━━━ RECORD EXTRACTS
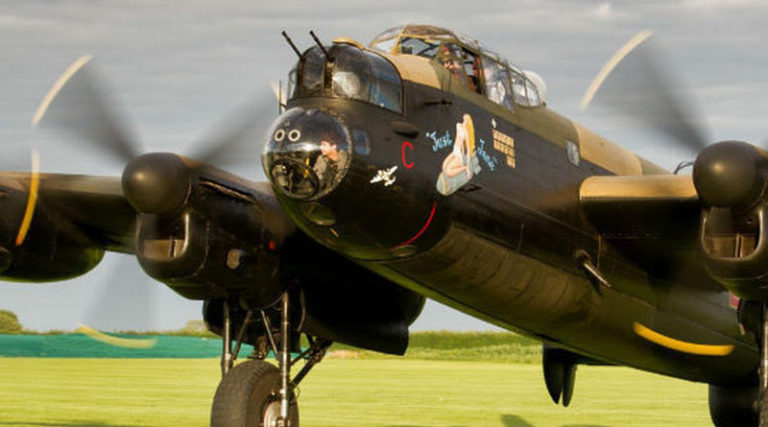 アブロ・ランカスターは、第二次世界大戦において、イギリス空軍が配備運用した大型爆撃機。いくつか存在するアブロ・ランカスターのなかでも、JUST JANEという愛称で「イギリスの秘密兵器」として機体のノーズに爆弾に乗ったピンナップガールが描かれたNX611は、大戦中にイギリス軍がタイガーフォースの一員として日本攻撃に使用する予定だったもののそのまま終戦を迎え、終戦後はフランス海軍航空隊として運用されました。
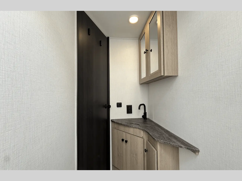 Some of the top features include a fiberglass laminated roof, a Winegard Air 360+ digital antenna to stay connected as you camp, plus a 10.7 cu. ft. 12V refrigerator for plenty of food storage. There is also an outside shower, a power awning with LED lights, and an optional 12V solar charging system for off-grid capabilities! Interior comforts include black out roller shades, an oxygen-infused shower head, soft touch self-closing drawer guides, and so much more!
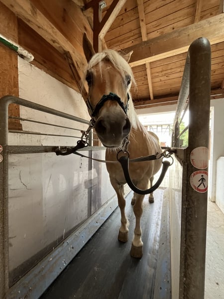 **Verkaufsanzeige: Edelbluthaflinger Wallach** Zum Verkauf steht ein wunderschöner Edelbluthaflinger Wallach aus dem Geburtsjahr 2010. Mit seinem ansprechenden Fuchs-Fell und einem Stockmaß von 145 cm ist er nicht nur ein echter Blickfang, sondern auch ein treuer Begleiter für unvergessliche Freizeitstunden. Dieser charmante Wallach eignet sich hervorragend für Freizeitreiter, die ein zuverlässiges und freundliches Pferd suchen. Er zeichnet sich durch sein ausgeglichenes Temperament aus . Ob beim Ausreiten in der Natur oder bei entspannten Bodenarbeitseinheiten ist er bereit, neue Abenteuer zu erleben. Der Edelbluthaflinger ist gut geritten und hat bereits Erfahrung in der Freizeitreiterei gesammelt. Er ist brav im Umgang, gut händelbar und zeigt sich auch in neuen Situationen gelassen. Wenn Sie auf der Suche nach einem liebevollen, gemütlichen und zuverlässigen Partner für die Freizeit sind, dann ist dieser Wallach genau das Richtige für Sie! Ich habe selbst auf ihm reiten gelernt und ich hätte mir kein netteres, liebevolleres und verständnisvolleres Pferd vorstellen können, um reiten zu lernen und eine tolle Zeit zu haben . Er ist sehr offen und liebevoll zu Menschen und besonders bei Kindern versteht er es, sich angemessen und freundlich zu verhalten. Sein Manko ist allerdings, dass er Enzyme am Kopf und Zwischen den Beinen hat. Diese sind nicht der Verkaufsgrund und Sie stören beim Reiten auch nicht sehr, da sie nicht in Sattellage o.ä. Sind. Zusammenfassend kann ich sagen, dass Gogo nicht das Pferd für Große Lektionen ist jedoch Spaß an Bewegung hat und ein Super Pferd zum lernen ist oder einfach zum gemütlichen gemeinsamen Zeit vertreiben. Bei Interesse oder weiteren Fragen stehe ich Ihnen gerne zur Verfügung. Besuchen Sie uns und überzeugen Sie sich selbst von diesem tollen Pferd!
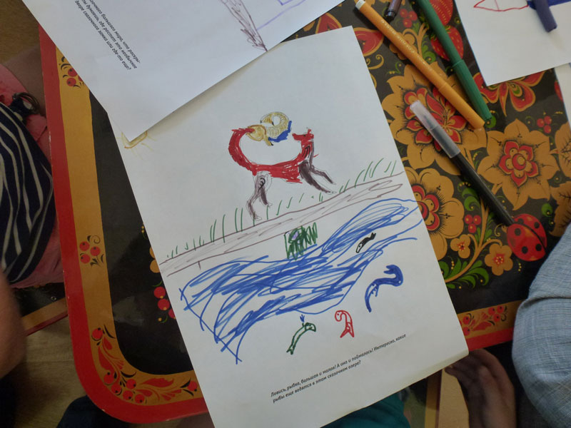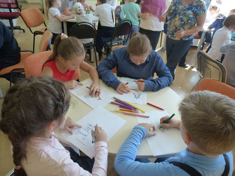 Родителям Наталия Владимировна Соколова представила презентацию книги «Сказки-раскраски». Старые сказки из собрания А. Афанасьева рассказаны нашим современником, писателем-сказочником Александром Шевцовым. Готовя книгу к выпуску, издатели поняли, что, слушая сказку, человек в своем воображении всегда дорисовывает книжные образы. Поэтому были напечатаны не просто сказки, а сказки-раскраски. Обращаясь к родителям, Наталия Владимировна сказала, что взрослые, читая сказки, вспоминают себя ребенком, который вместе со сказочником творит мечты. Александр Шевцов добавил в эту книгу картинки для детей, которые любят рисовать, но не умеют и стесняются.
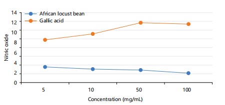 Nitric oxide: The graph shows the absorbance of nitric oxide in Parkia biglobosa and gallic acid at a particular concentration as seen in Fig. 4. The gallic acid has a higher concentration of nitric oxide than the locust bean.
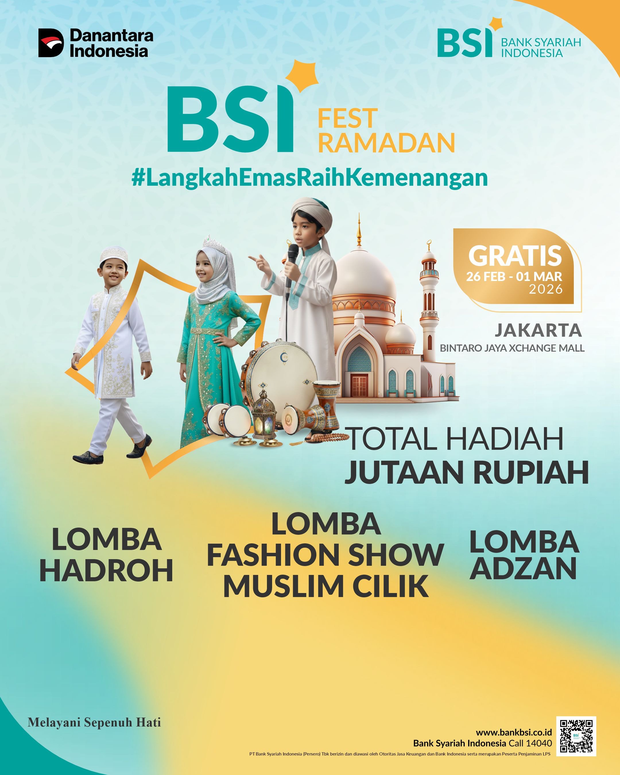Dalam rangka menyemarakkan bulan suci Ramadan, Bank Syariah Indonesia (BSI) menghadirkan BSI Fest Ramadan sebagai rangkaian kegiatan inspiratif yang menggabungkan nilai spiritual, hiburan Islami, dan solusi finansial syariah dalam satu pengalaman yang bermakna
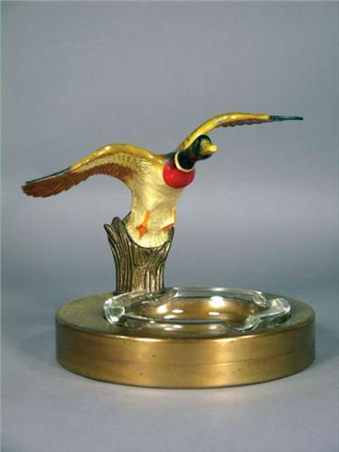 Mallard Duck Ash Tray, metal with glass insert. 6 3/4 inches tall.
━━━━━━
▸ **WORK TO BE COMPLETED**: Exclude images and repeat all entries exactly.

▸ **REPLY TO THE TASK**:
 アブロ・ランカスターは、第二次世界大戦において、イギリス空軍が配備運用した大型爆撃機。いくつか存在するアブロ・ランカスターのなかでも、JUST JANEという愛称で「イギリスの秘密兵器」として機体のノーズに爆弾に乗ったピンナップガールが描かれたNX611は、大戦中にイギリス軍がタイガーフォースの一員として日本攻撃に使用する予定だったもののそのまま終戦を迎え、終戦後はフランス海軍航空隊として運用されました。
 Some of the top features include a fiberglass laminated roof, a Winegard Air 360+ digital antenna to stay connected as you camp, plus a 10.7 cu. ft. 12V refrigerator for plenty of food storage. There is also an outside shower, a power awning with LED lights, and an optional 12V solar charging system for off-grid capabilities! Interior comforts include black out roller shades, an oxygen-infused shower head, soft touch self-closing drawer guides, and so much more!
 **Verkaufsanzeige: Edelbluthaflinger Wallach** Zum Verkauf steht ein wunderschöner Edelbluthaflinger Wallach aus dem Geburtsjahr 2010. Mit seinem ansprechenden Fuchs-Fell und einem Stockmaß von 145 cm ist er nicht nur ein echter Blickfang, sondern auch ein treuer Begleiter für unvergessliche Freizeitstunden. Dieser charmante Wallach eignet sich hervorragend für Freizeitreiter, die ein zuverlässiges und freundliches Pferd suchen. Er zeichnet sich durch sein ausgeglichenes Temperament aus . Ob beim Ausreiten in der Natur oder bei entspannten Bodenarbeitseinheiten ist er bereit, neue Abenteuer zu erleben. Der Edelbluthaflinger ist gut geritten und hat bereits Erfahrung in der Freizeitreiterei gesammelt. Er ist brav im Umgang, gut händelbar und zeigt sich auch in neuen Situationen gelassen. Wenn Sie auf der Suche nach einem liebevollen, gemütlichen und zuverlässigen Partner für die Freizeit sind, dann ist dieser Wallach genau das Richtige für Sie! Ich habe selbst auf ihm reiten gelernt und ich hätte mir kein netteres, liebevolleres und verständnisvolleres Pferd vorstellen können, um reiten zu lernen und eine tolle Zeit zu haben . Er ist sehr offen und liebevoll zu Menschen und besonders bei Kindern versteht er es, sich angemessen und freundlich zu verhalten. Sein Manko ist allerdings, dass er Enzyme am Kopf und Zwischen den Beinen hat. Diese sind nicht der Verkaufsgrund und Sie stören beim Reiten auch nicht sehr, da sie nicht in Sattellage o.ä. Sind. Zusammenfassend kann ich sagen, dass Gogo nicht das Pferd für Große Lektionen ist jedoch Spaß an Bewegung hat und ein Super Pferd zum lernen ist oder einfach zum gemütlichen gemeinsamen Zeit vertreiben. Bei Interesse oder weiteren Fragen stehe ich Ihnen gerne zur Verfügung. Besuchen Sie uns und überzeugen Sie sich selbst von diesem tollen Pferd!
 Родителям Наталия Владимировна Соколова представила презентацию книги «Сказки-раскраски». Старые сказки из собрания А. Афанасьева рассказаны нашим современником, писателем-сказочником Александром Шевцовым. Готовя книгу к выпуску, издатели поняли, что, слушая сказку, человек в своем воображении всегда дорисовывает книжные образы. Поэтому были напечатаны не просто сказки, а сказки-раскраски. Обращаясь к родителям, Наталия Владимировна сказала, что взрослые, читая сказки, вспоминают себя ребенком, который вместе со сказочником творит мечты. Александр Шевцов добавил в эту книгу картинки для детей, которые любят рисовать, но не умеют и стесняются.
 Nitric oxide: The graph shows the absorbance of nitric oxide in Parkia biglobosa and gallic acid at a particular concentration as seen in Fig. 4. The gallic acid has a higher concentration of nitric oxide than the locust bean.
Dalam rangka menyemarakkan bulan suci Ramadan, Bank Syariah Indonesia (BSI) menghadirkan BSI Fest Ramadan sebagai rangkaian kegiatan inspiratif yang menggabungkan nilai spiritual, hiburan Islami, dan solusi finansial syariah dalam satu pengalaman yang bermakna
 Mallard Duck Ash Tray, metal with glass insert. 6 3/4 inches tall.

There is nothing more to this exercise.